What you are asked to do: Once you find the line below that has "Y una bizarrería", output it and every line after it exactly, stopping after the line that has "前方被追撞的游览车郭姓司机表", with no pictures.

Records:
- - - -

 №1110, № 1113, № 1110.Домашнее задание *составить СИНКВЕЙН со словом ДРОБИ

- - - -

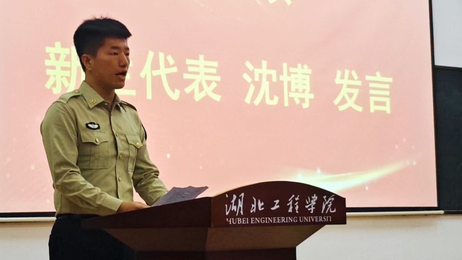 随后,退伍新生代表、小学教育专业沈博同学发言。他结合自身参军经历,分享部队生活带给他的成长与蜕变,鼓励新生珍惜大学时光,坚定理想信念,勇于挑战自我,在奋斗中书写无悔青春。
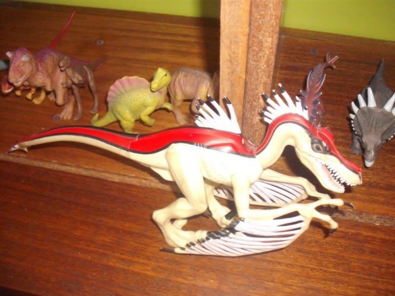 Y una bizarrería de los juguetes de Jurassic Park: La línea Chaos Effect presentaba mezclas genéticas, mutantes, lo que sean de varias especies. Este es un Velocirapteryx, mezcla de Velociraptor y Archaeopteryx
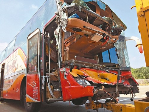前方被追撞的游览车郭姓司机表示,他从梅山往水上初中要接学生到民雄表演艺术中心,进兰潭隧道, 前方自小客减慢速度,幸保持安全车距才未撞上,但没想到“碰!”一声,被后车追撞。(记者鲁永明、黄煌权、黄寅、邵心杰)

- - - -

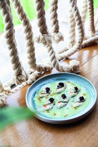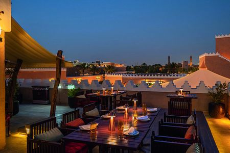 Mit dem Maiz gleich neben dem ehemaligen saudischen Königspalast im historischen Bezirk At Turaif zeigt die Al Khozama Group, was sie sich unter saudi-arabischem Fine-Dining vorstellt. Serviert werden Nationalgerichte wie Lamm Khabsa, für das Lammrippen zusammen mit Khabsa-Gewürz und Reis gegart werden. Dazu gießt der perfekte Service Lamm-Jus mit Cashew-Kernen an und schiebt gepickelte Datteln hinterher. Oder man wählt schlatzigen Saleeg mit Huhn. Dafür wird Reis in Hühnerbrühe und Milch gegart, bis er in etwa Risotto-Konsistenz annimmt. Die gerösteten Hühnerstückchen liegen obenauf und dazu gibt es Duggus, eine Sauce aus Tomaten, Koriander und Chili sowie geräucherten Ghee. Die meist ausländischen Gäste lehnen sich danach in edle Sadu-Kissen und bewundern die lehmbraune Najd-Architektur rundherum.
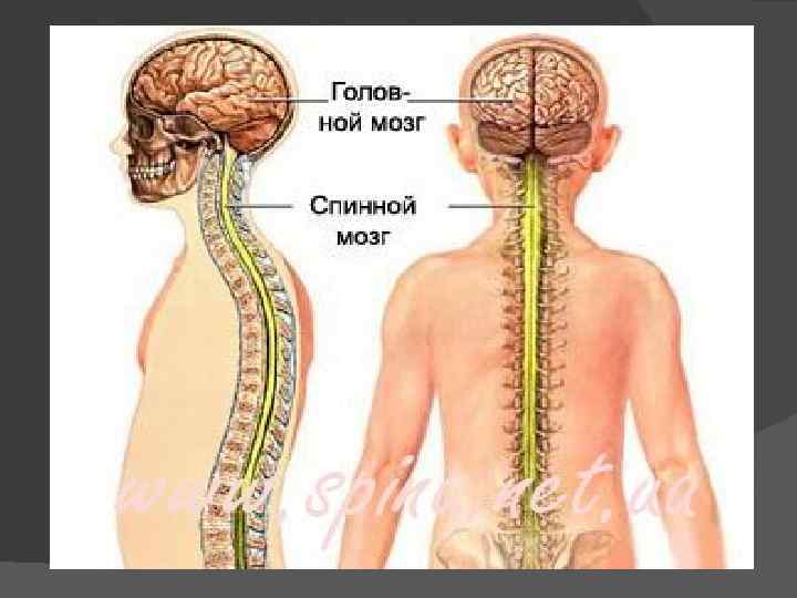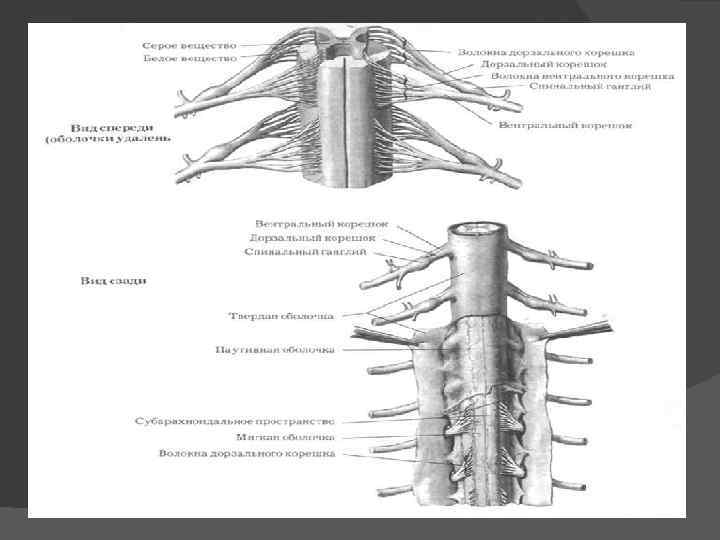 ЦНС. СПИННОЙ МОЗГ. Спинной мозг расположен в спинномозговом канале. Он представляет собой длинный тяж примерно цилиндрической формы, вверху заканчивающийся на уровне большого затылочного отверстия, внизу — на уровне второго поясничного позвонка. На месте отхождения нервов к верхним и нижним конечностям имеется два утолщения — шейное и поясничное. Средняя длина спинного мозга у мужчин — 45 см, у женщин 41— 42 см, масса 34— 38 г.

- - - -

Response:
 Y una bizarrería de los juguetes de Jurassic Park: La línea Chaos Effect presentaba mezclas genéticas, mutantes, lo que sean de varias especies. Este es un Velocirapteryx, mezcla de Velociraptor y Archaeopteryx
前方被追撞的游览车郭姓司机表示,他从梅山往水上初中要接学生到民雄表演艺术中心,进兰潭隧道, 前方自小客减慢速度,幸保持安全车距才未撞上,但没想到“碰!”一声,被后车追撞。(记者鲁永明、黄煌权、黄寅、邵心杰)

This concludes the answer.